Threads: will privacy fears scupper Meta’s Twitter ‘killer’?

Meta has launched Threads, a text-based app to rival Twitter, in a “bold attempt to lure users away from its floundering competitor”, said Kari Paul in The Guardian.

This is a “near-clone of the platform”, said the tech reporter, from a company known for its “shameless copying of competitors’ apps”.

Mark Zuckerberg’s new project has “big potential, thanks to its polished tech, built-in user base, and reputation for better moderation”, said Wired, but faces a “long slog” to actually “kill Twitter”, the current microblogging platform of choice.

Threads has attracted more than 100 million users in less than a week, but the app has not yet launched in the European Union, because of the strict privacy standards there.
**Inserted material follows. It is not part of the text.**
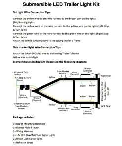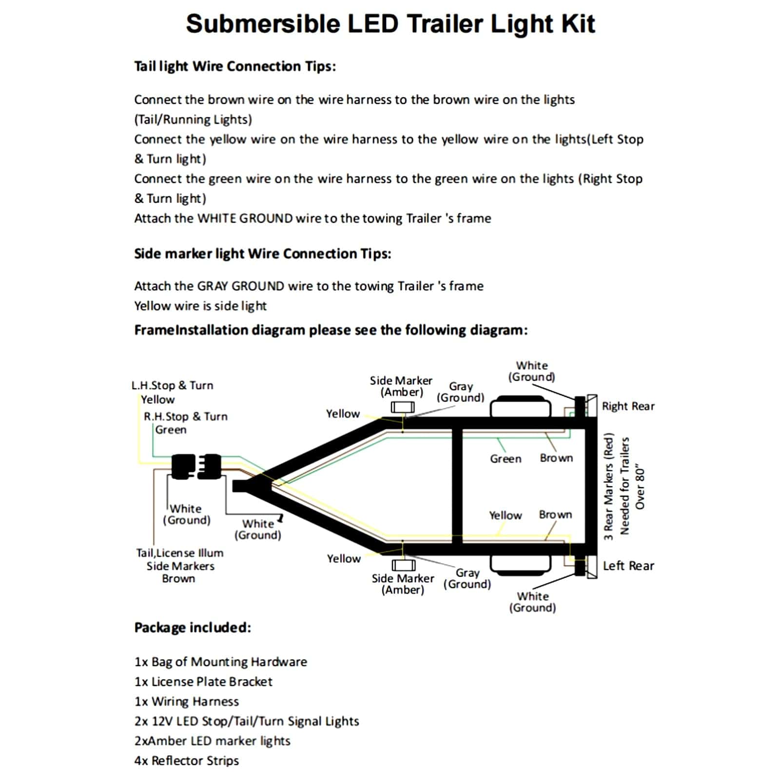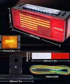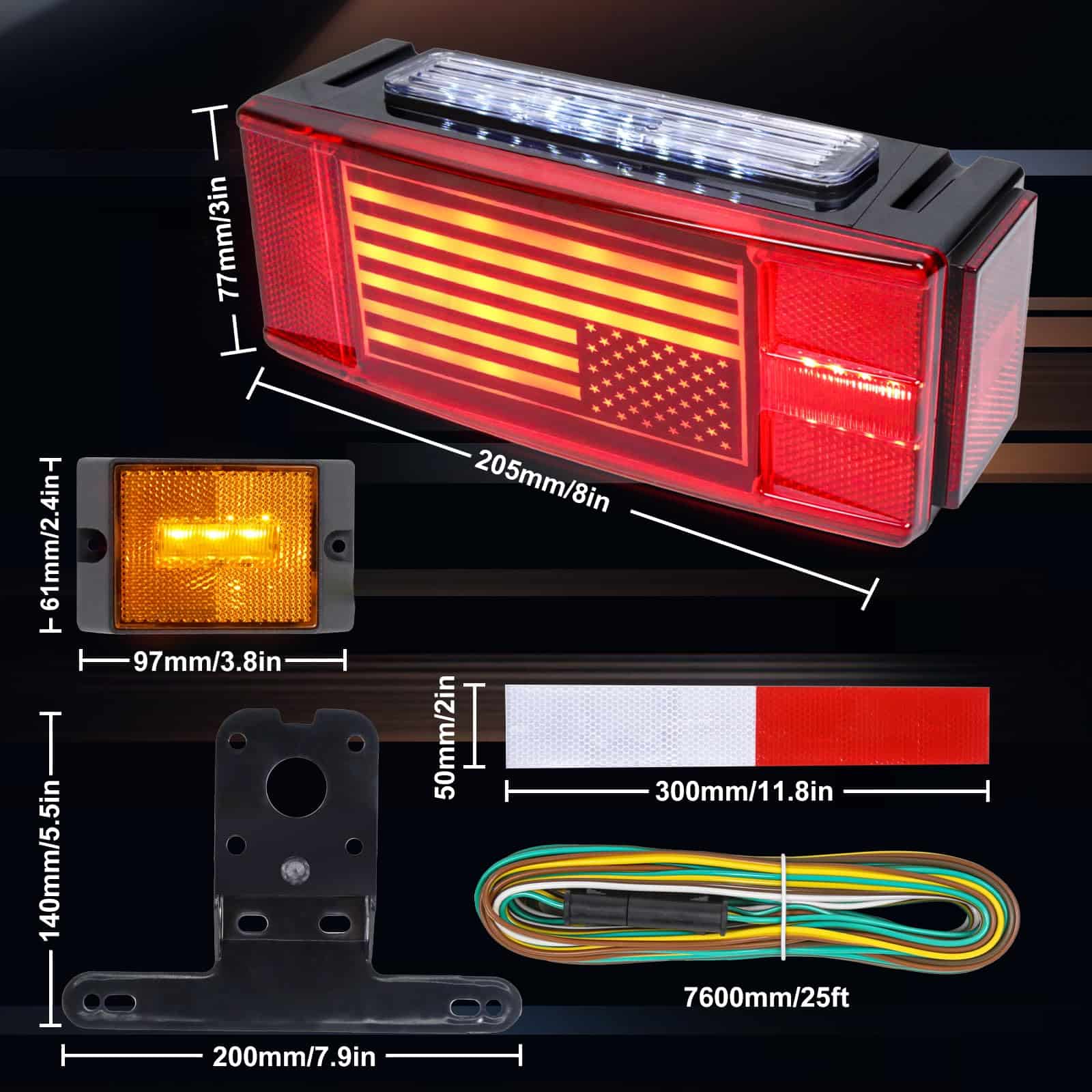 4. Kit completo de luces para remolque: 2 luces traseras rectangulares combinadas de LED, 2 luces de marcador LED ámbar, arnés de cableado de 25 pies (arnés de cableado de 21.65 pies y arnés de cableado de 3.93 pies), soporte de matrícula y hardware de montaje. El arnés de cableado para remolque es lo suficientemente largo para instalar.
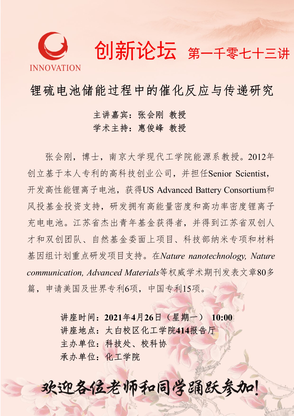 张会刚 教授 8868体育登录创新论坛第一千零七十三讲:锂硫电池储能过程中的催化反应与传递研究 讲座时间 2021年4月26日(星期一) 10:00 讲座地点 太白校区化工学院414报告厅 讲座人介绍 张会刚 教授 讲座内容

What is Threads and why did Meta launch it?

“Threads is Twitter in all but name. It looks the same, feeding the same endorphins by encouraging the same jostle for public approval,” wrote Paul Flynn in the London Evening Standard.

The “eerily Twitter-like microblogging experience” includes features that let you “like, repost, reply to or quote a ‘thread’”, added Kari Paul in The Guardian, alongside “counters showing the number of likes and replies” a post has accrued. Using Threads “felt like a fever dream in which Twitter and Instagram had a more usable brain child”, with a “slick” feed that’s “easy to read”.

And it arrived “at a particularly weak moment” for Elon Musk’s Twitter, after a move to limit free Twitter accounts to viewing 600 tweets per day “was met with derision”, said Wired.

What are the privacy concerns around Threads?

Despite being “the most rapidly downloaded app ever”, many people have “voiced concern about privacy”, wrote Kate O’Flaherty in Forbes. After all, “everyone knows how much data Meta collects and uses to profile people”.

“Threads collects a lot of data,” and according to its privacy label, it collects “data linked to you” including location, health and fitness information, browsing history, “sensitive information” and search history. The data gathered also includes contact information such as email, phone number and postal address.

Data such as search history and browsing history “can also be used for advertising and marketing and ‘personalisation’”, or “showing you ads” in other words, said O’Flaherty. Threads “isn’t showing ads just yet”, but “make no mistake, with this amount of lucrative data available, it will”. On the face of it, this level of data collection “is a horror show”, but “isn’t any worse than Instagram”.

Can Meta overcome the EU’s objections?

Threads is not available in the EU, “which has set strict privacy standards that the app may not meet”, said Wired.

Meta is “waiting for more guidance” around “new EU competition rules that govern how large online platforms use their marketing power”, known as the Digital Markets Act (DMA), added Bloomberg. The European Commission is “currently discussing the regulations with companies” and “more guidance” is expected in September.

Under DMA rules, companies that have “self-designated themselves as “gatekeepers”, will potentially be subject “to stricter regulations around data sharing and giving preference to their own products”. In particular, companies are banned from combining users’ personal data across different platforms.

If you delete the app, “you also have to delete Instagram”, said O’Flaherty in Forbes. You can deactivate Threads, “but that doesn’t delete your account”. Similarly, when users deactivate Facebook, “the social network can still track them across services”.

Meta won’t launch Threads in the EU “for the foreseeable future”, said The Irish Independent. Regulators “have not actively blocked the service”, though, rather Meta “has not prepared the service” to launch outside the UK, in territories “governed by GDPR or EU privacy rules”. It is “unclear when, or if, Meta will launch Threads” in the EU.